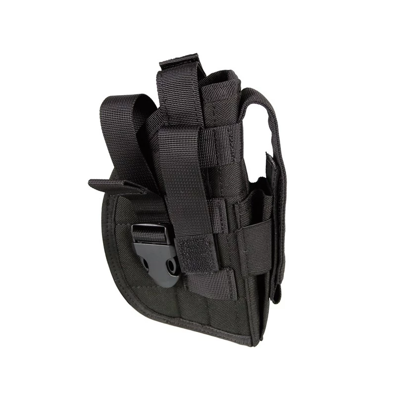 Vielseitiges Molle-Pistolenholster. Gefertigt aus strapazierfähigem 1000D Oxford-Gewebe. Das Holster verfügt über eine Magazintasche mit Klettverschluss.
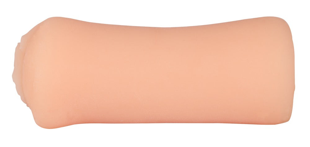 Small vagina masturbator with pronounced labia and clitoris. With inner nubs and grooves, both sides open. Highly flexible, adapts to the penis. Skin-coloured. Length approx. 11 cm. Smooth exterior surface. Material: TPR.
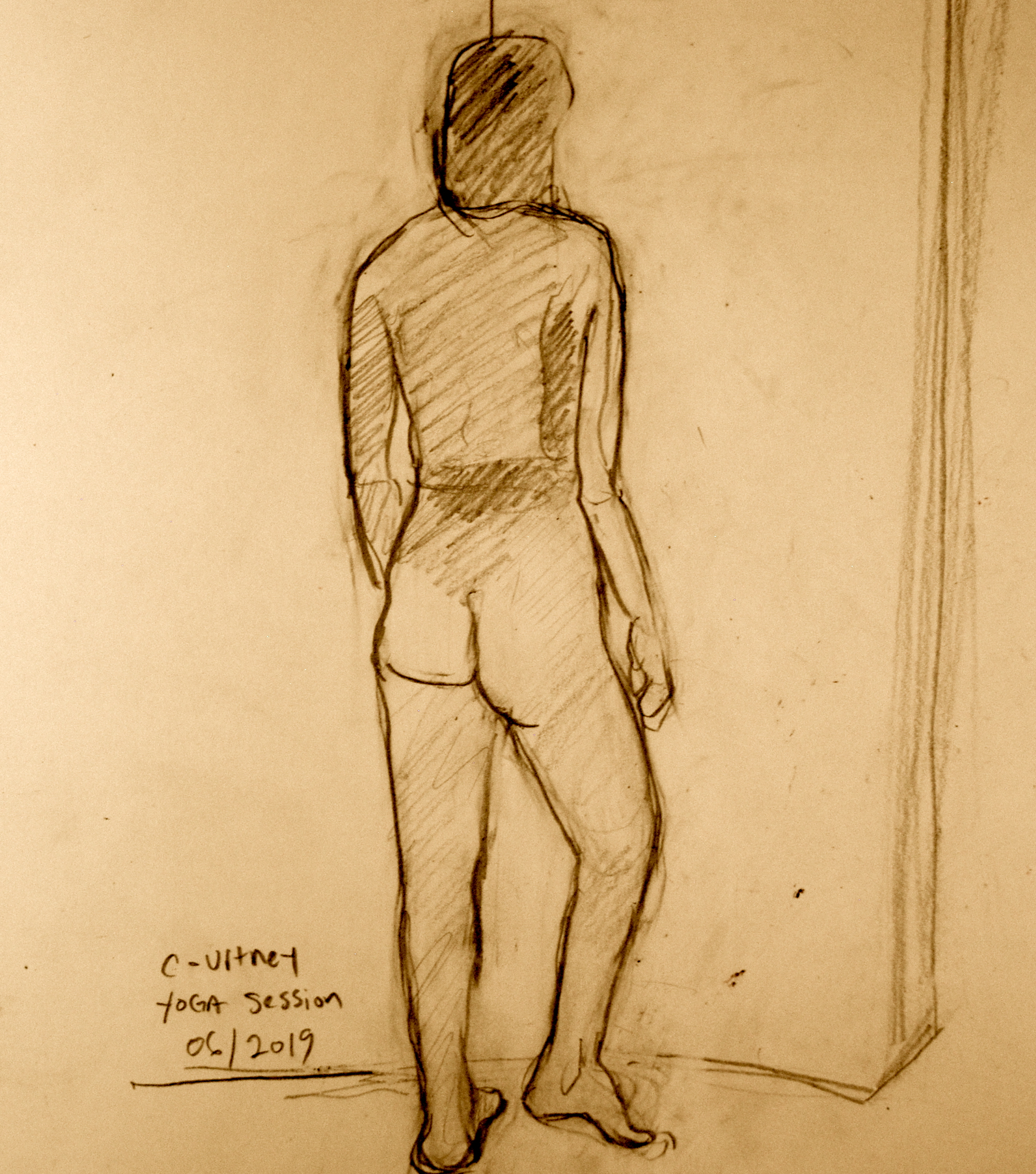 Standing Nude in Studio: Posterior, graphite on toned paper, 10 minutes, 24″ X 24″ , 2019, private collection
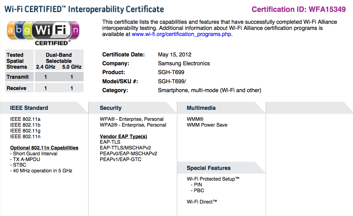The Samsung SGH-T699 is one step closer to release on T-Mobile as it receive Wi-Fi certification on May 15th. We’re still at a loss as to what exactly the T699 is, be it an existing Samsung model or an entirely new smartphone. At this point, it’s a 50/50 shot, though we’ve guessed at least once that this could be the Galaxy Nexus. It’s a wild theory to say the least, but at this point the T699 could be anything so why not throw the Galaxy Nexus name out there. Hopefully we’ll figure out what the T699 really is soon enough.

● ● ● ● ● ● ●

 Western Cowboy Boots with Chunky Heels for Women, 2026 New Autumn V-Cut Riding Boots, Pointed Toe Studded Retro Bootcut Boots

● ● ● ● ● ● ●

◆ TASK
Starting at the line above that holds "Vielseitiges Molle-Pistolenholster. Gefertigt", repeat every line exactly down to and including the line that holds "The Samsung SGH-T699", then stop. Do not carry over any pictures.

◆ ANSWER TO THIS TASK
 Vielseitiges Molle-Pistolenholster. Gefertigt aus strapazierfähigem 1000D Oxford-Gewebe. Das Holster verfügt über eine Magazintasche mit Klettverschluss.
 Small vagina masturbator with pronounced labia and clitoris. With inner nubs and grooves, both sides open. Highly flexible, adapts to the penis. Skin-coloured. Length approx. 11 cm. Smooth exterior surface. Material: TPR.
 Standing Nude in Studio: Posterior, graphite on toned paper, 10 minutes, 24″ X 24″ , 2019, private collection
The Samsung SGH-T699 is one step closer to release on T-Mobile as it receive Wi-Fi certification on May 15th. We’re still at a loss as to what exactly the T699 is, be it an existing Samsung model or an entirely new smartphone. At this point, it’s a 50/50 shot, though we’ve guessed at least once that this could be the Galaxy Nexus. It’s a wild theory to say the least, but at this point the T699 could be anything so why not throw the Galaxy Nexus name out there. Hopefully we’ll figure out what the T699 really is soon enough.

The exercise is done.